Тогда я думал, что все, в этот раз уже не выкарабкаюсь. Но русские своих не бросают, и прилетевший самолет МЧС доставил всех нас, «двухсотых» и «трехсотых», прямо в Москву, в Раменское. «Двухсотых» – в Челобитьево, на наш «российский Арлингтон» – «пал смертью храбрых при выполнении боевого задания». Ну а «трехсотых» – в Бурденко, где я и валялся последние два месяца.
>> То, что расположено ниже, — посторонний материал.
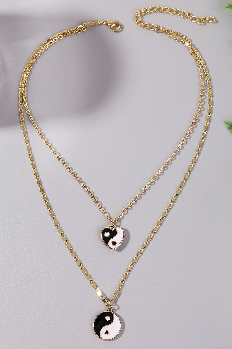 xHEART CHARM LAYERED NECKLACE, SIZE:OS, 100% ALLOY, MADE IN CHINA, Yin & Yang Charm Necklace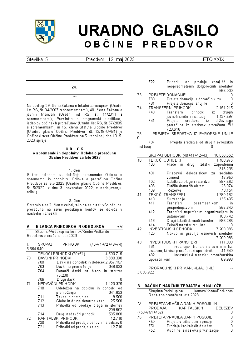 Odlok o spremembi in dopolnitvi Odloka o proračunu Občine Preddvor za leto 2023 (Uradno glasilo Občine Preddvor - Številka 5/2023)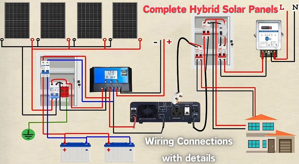A hybrid solar system is an advanced energy solution that integrates solar panels, a battery storage bank, and a connection to the public utility grid. It functions as a "best of both worlds" middle ground between standard grid-tied systems (which lack backup) and off-grid systems (which are completely independent).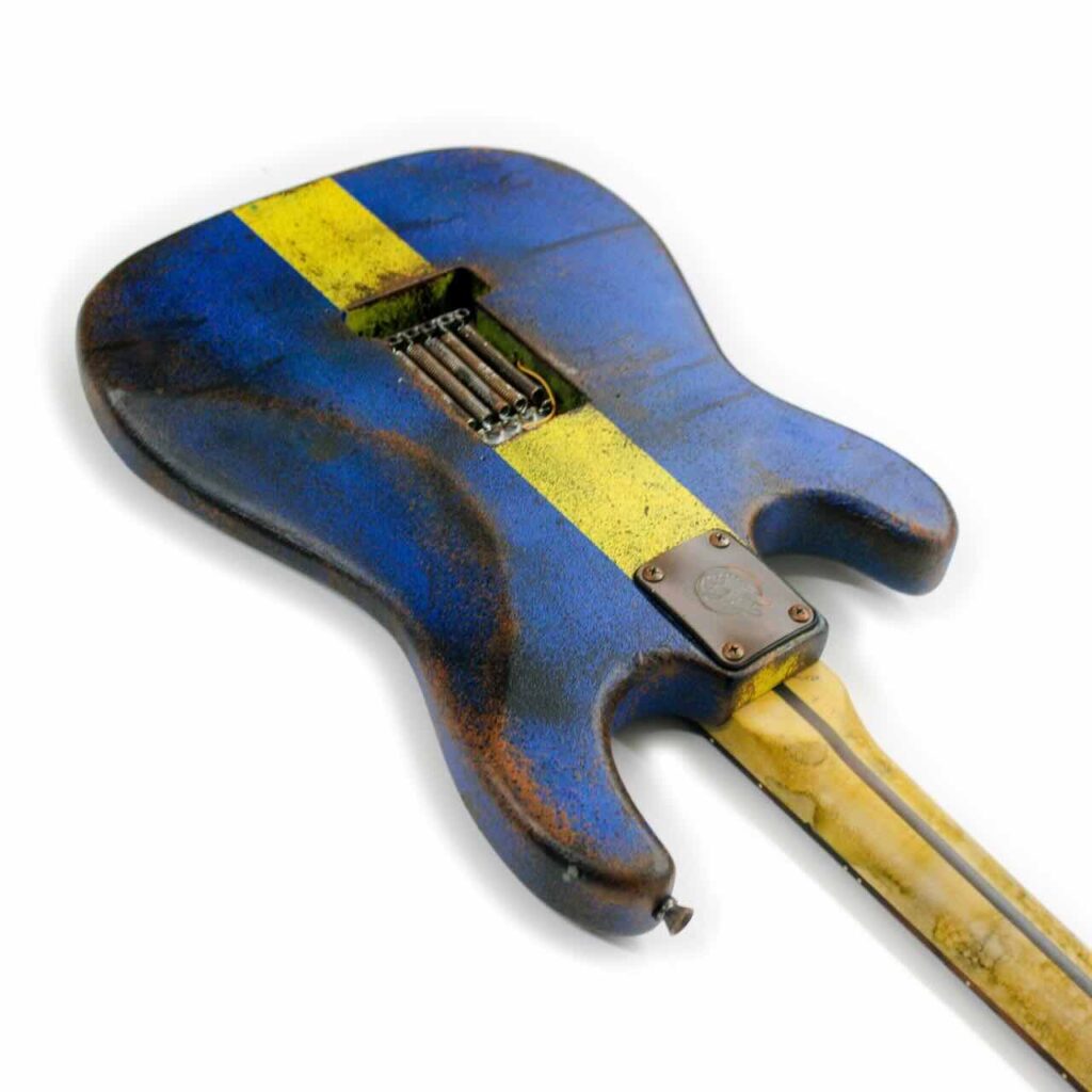 ST-Style guitar shape in Fallout paint style with a matching pickguard. Loaded with three Single Coils.

Эвакуировали и тех двух ребят, что в том деле обошлись без царапины, тем более что с тем же рейсом прибыли наши «сменщики» из резервной группы, готовые продолжить нашу работу.
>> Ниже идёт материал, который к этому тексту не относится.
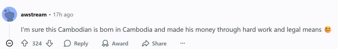 新加坡网友调侃:我相信肯定出生就是柬埔寨人,并且买房款靠合法所得。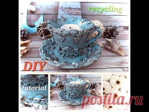 DIY Candlestick Vintage Recyclé, Подсвечник Чашка. Не выбрасывайте Битую Посуду,Candelabro Reciclado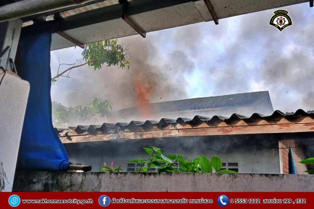 ดับเพลิงนครแม่สอด ออกระงับเหตุเพลิงไหม้บ้านประชาชน บริเวณหมู่บ้านสหกรณ์ ซอย 2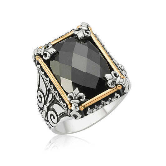 Herren-Silberring mit schwarzem Schliffstein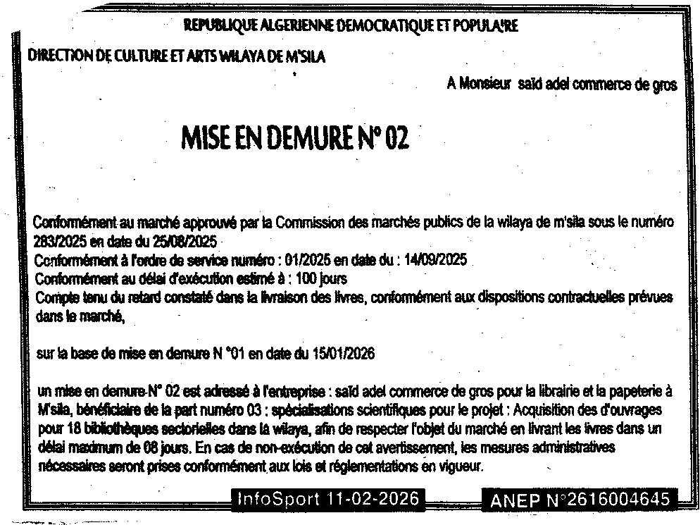 إعلان عن إعذار رقم 02 مديرية الثقافة لولاية المسيلة

Короче, товарищи, кажется, это была моя последняя такая командировка. «Таможня», в роли которой выступила военно-врачебная комиссия, не дала добро на продолжение активной службы. Примерно так же ссаживают на землю летчиков – когда по состоянию здоровья они способны угробить в полете и себя, и машину. Направление в военный санаторий служило весьма слабым утешением после этой весьма неприятной новости. Сколько моих коллег после такого известия спивались или пускали себе пулю в висок… Но мы не такие; еще не знаю как, но мы прорвемся.
Сегодня утром от тяжких раздумий меня отвлек вызов к начальству. Поначалу я решил, что речь пойдет о моей последней командировке, и пребывал в некотором недоумении, поскольку мой рапорт об этом деле, написанный в госпитале, не должен был вызывать никаких вопросов. Чуть позже выяснилось, что он ничего и не вызвал, а дело было совсем в другом.
Генерал встретил меня в своем кабинете немного смущенной и виноватой улыбкой.
– Здравия желаю, товарищ генерал, – козырнул я и замолчал, ожидая, что начальство само объяснит причины неурочного вызова сотрудника, формально находящегося в отпуске по состоянию здоровья.
– Здравствуй, Слава, и извини, что так вышло… – невпопад ответил он на мой вопрошающий взгляд, – сам же знаешь, что с медициной не спорят.
– Да я и не спорю, товарищ генерал, – ответил я, вспомнив, что с десяток лет назад генерал и сам находился в такой же ситуации, когда ему вот так же, по завершении августовской компании по борьбе с грызунами, медики закрыли выход в поле.
– Ладно… – махнул рукой генерал. – Теперь слушай. Тут мне позвонили с самого верха… – легким кивком головы мой начальник отпасовал невысказанный вопрос к висящему на стене портрету. – Для какого-то очень важного и секретного дела им нужен офицер с большим жизненным опытом и развитой «чуйкой». А я-то знаю, что у тебя этого добра навалом.